Certa vez, pediram ao poeta Manoel de Barros uma
definição de poesia. O poeta assim respondeu: “Poesia pode ser que seja fazer
outro mundo”. Nessa resposta, a palavra mais importante é o verbo “fazer”.
Inclusive, a palavra “poesia” vem de um verbo grego cujo sentido é exatamente
“fazer, produzir”.
Quando se substantiva a poesia apenas
como rima e verso , perde-se a compreensão de que ela é também um verbo, uma
ação, que pode produzir muitas outras coisas além de rimas e versos. A poesia
produz também percepções, pensares e sentidos outros que subvertem o “mesmal” do
“mundo acostumado” .
Manoel diz que o poeta produz versos
porque , antes de escrever, “o poeta se empoema”. Empoemar-se é um sentir que
pensa, um pensar que sente, tornando-se potência criativa intensificadora da vida.

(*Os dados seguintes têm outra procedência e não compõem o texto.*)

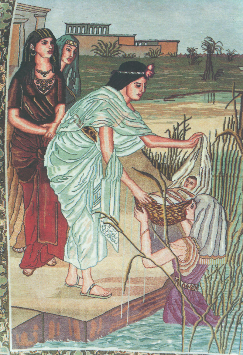 گرفتن گهواره حضرت موسی از رود نیل توسط دختر فرعون اندازه: 78× 105 سانتی‌متر، تار: ابریشم، رج‌شمار: 70، پود: نخ، محل بافت: قم، پرز: ابریشم. (ادب و عرفان در قالی ایران، سیدرضا خشکنابی، انتشارات سروش، 1378)

A vida nos empoema quando ela mesma
escreve sua poesia em nós. Ideias que libertam e ações que transformam são o
sentido de tal poesia ao mesmo tempo cósmica, ética, política , pensante e vital.
Pois como Natureza Naturante, a vida é a
primeira e mais potente poeta, ensina Espinosa.
Quem se empoema, desegoifica-se e se
desabre: não cabe mais dentro de si. Alguns se empoemam e dançam, outros se
empoemam e pintam, outros se empoemam e cantam, outros se empoemam e ensinam,
outros se empoemam e aprendem, outros se empoemam e se tornam generosos, corajosos,
insubmissos, libertários , enfim, intensificam o que neles é vivo . E com o
máximo de força que podem , se esforçam para fazer outro mundo começando pelo
lugar onde se está, mesmo que seja um lugar modesto, micropolítico: sala de
aula, fábrica, rua, praça, residência, favela, vizinhança, janela, mundo
virtual...
E primeiro que tudo, deve-se começar
por fazer outro mundo dentro de si mesmo, um mundo que não pertença apenas a si
mesmo, um mundo que possa ser partilhado e nos agenciar em nossas diferenças.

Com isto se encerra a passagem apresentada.